Narayan Pritika J, Kim Sue-Ling, Lill Claire, Feng Sheryl, Faull Richard L M, Curtis Maurice A, Dragunow Michael
Gravida, National Centre for Growth and Development, Faculty of Medical and Health Sciences, The University of Auckland, Private Bag 92019, Auckland, New Zealand; Centre for Brain Research, Faculty of Medical and Health Sciences, The University of Auckland, Private Bag 92019, Auckland, New Zealand; Biomedical Imaging Research Unit, Faculty of Medical and Health Sciences, The University of Auckland, Private Bag 92019, Auckland, New Zealand.
Centre for Brain Research, Faculty of Medical and Health Sciences, The University of Auckland, Private Bag 92019, Auckland, New Zealand.
J Neurosci Methods. 2015 May 30;247:41-9. doi: 10.1016/j.jneumeth.2015.03.017. Epub 2015 Mar 23.

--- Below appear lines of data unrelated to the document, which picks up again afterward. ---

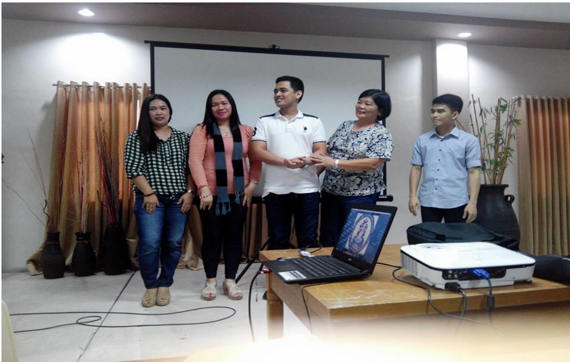
COE Faculty attend the LET Final Coaching
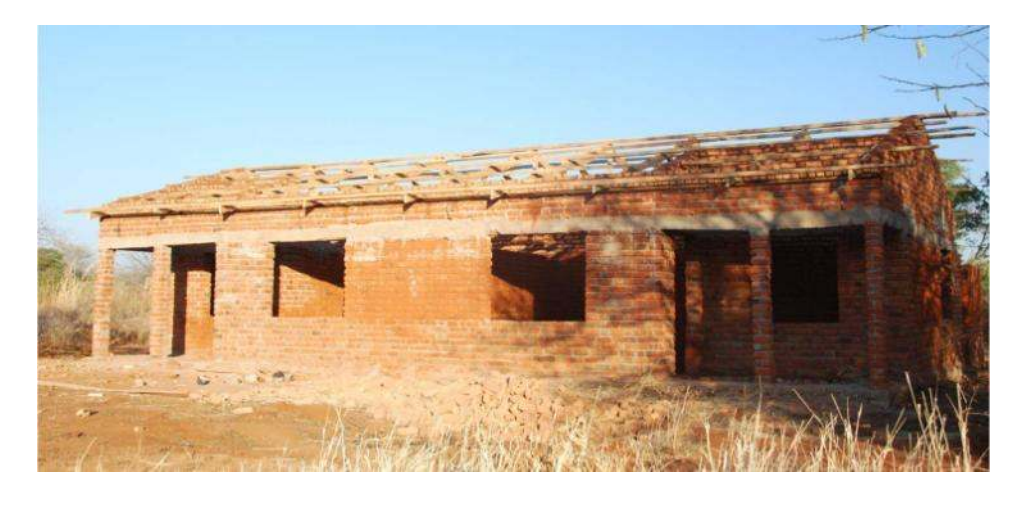
The schoolhouse in Kitisi: rent from RCP paid for the roof to be constructed

The RCP also provides direct benefits from its presence on village land, as we pay rent annually to Kitisi village, thereby providing important economic benefits to the village, which is linked to the presence of carnivores. Our rent this year has contributed to a roof for the new schoolhouse, so we are very pleased to provide some benefits for Kitisi village.
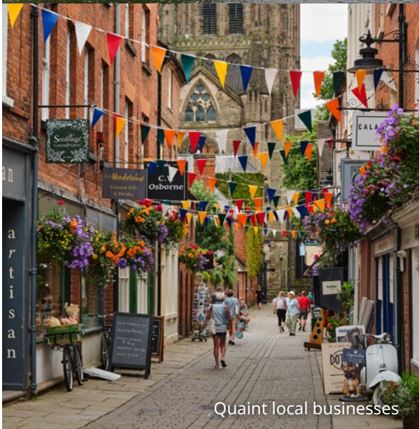
Quaint local businesses
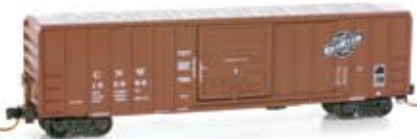
50' Rib Side Box Car, Single Door, w/o Roofwalk Chicago & North Western ® • Rd# 155898 Item# 025 00 710...$20.80

Tissue microarrays are commonly used to evaluate disease pathology however methods to automate and quantify pathological changes are limited.

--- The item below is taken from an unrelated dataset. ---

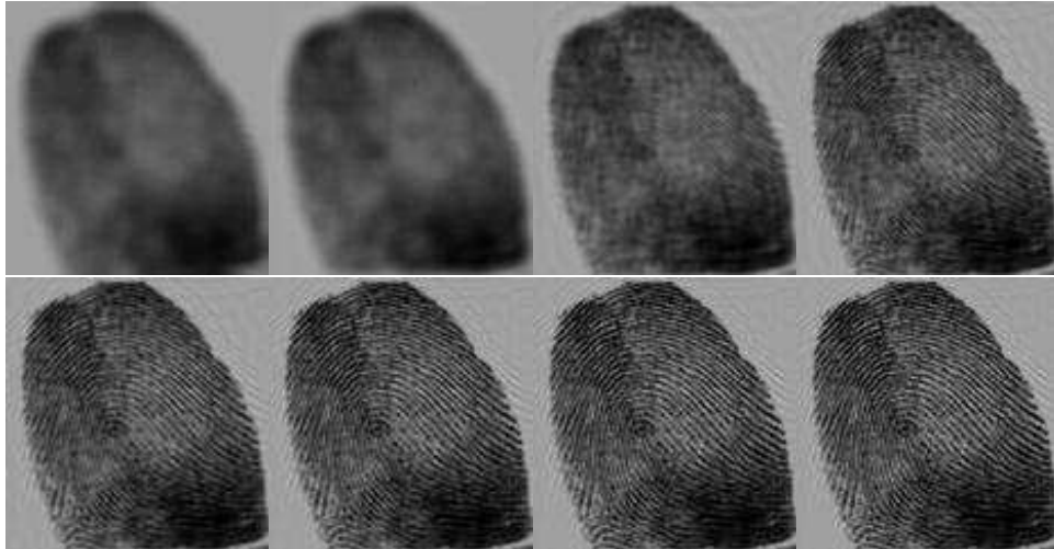
FIGURE 2. Top left to bottom right: blurred image, several iterates using the wavelets scheme: 1st, 100th, 500th, 1000th, 2000th, 3000th, 4000th.

This article demonstrates the utility of the VSlide scanner (MetaSystems) for automated image acquisition from immunolabelled tissue microarray slides, and subsequent automated image analysis with MetaXpress (Molecular Devices) software to obtain objective, efficient and reproducible data from immunolabelled tissue microarray sections.
Significant increases in fibrinogen immunolabelling were observed in 29 Alzheimer's disease cases compared to 28 control cases analysed from a single tissue microarray slide. Western blot analysis also demonstrated significant increases in fibrinogen immunolabelling in 6 Alzheimer's cases compared to 6 control cases. The observed changes were also validated with gold standard blinded manual H-scoring.

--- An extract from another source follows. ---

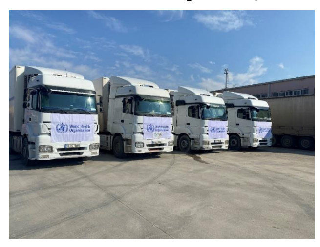
WHO transshipment into northwest Syria in February 2024

a visit to a WHO-supported in-patient rehabilitation centre in Azaz district in northwest Syria where 990 medical consultations, 2,200 physiotherapy sessions, and 1,800 psychosocial support sessions were provided following the earthquake. The majority of injuries resulting from the earthquake included spinal cord injuries, amputation, traumatic brain injuries, and orthopedic conditions requiring specialized interventions and long-term rehabilitation. In NWS, more than 23,000 people were provided with rehabilitation services following the earthquake.
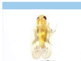
[Dorsal] Empoasca BIN URI: BOLD:AAV0166

VSlide Metafer software offers a 'tissue microarray acquisition' plugin for easy mapping of tissue cores with their original position on the tissue microarray map. High resolution VSlide images are compatible with MetaXpress image analysis software. This article details the coupling of these two technologies to accurately and reproducibly analyse immunolabelled tissue microarrays within minutes, compared to the gold standard method of manual counting using H-scores which is significantly slower and prone to inter-observer variation.
Here, we couple brain tissue microarray technology with high-content screening and automated image analysis as a powerful way to address bottle necks in data generation and improve throughput, as well as sensitivity to study biological/pathological changes in brain disease.
组织微阵列常用于评估疾病病理学,然而自动化和量化病理变化的方法有限。
本文展示了VSlide扫描仪(MetaSystems公司)用于从免疫标记的组织微阵列载玻片自动采集图像,以及随后使用MetaXpress(Molecular Devices公司)软件进行自动图像分析,以便从免疫标记的组织微阵列切片获得客观、高效且可重复的数据。
与从单个组织微阵列载玻片分析的28例对照病例相比,在29例阿尔茨海默病病例中观察到纤维蛋白原免疫标记显著增加。蛋白质印迹分析也显示,与6例对照病例相比,6例阿尔茨海默病病例中纤维蛋白原免疫标记显著增加。观察到的变化也通过金标准盲法手动H评分得到验证。
VSlide Metafer软件提供了一个“组织微阵列采集”插件,便于在组织微阵列图上轻松定位组织芯与其原始位置。高分辨率的VSlide图像与MetaXpress图像分析软件兼容。本文详细介绍了这两种技术的结合,与使用H评分的金标准手动计数方法相比,该方法能在几分钟内准确且可重复地分析免疫标记的组织微阵列,而手动计数方法明显更慢且容易出现观察者间差异。
在此,我们将脑组织微阵列技术与高内涵筛选和自动图像分析相结合,作为解决数据生成瓶颈、提高通量以及研究脑部疾病生物/病理变化敏感性的有力方法。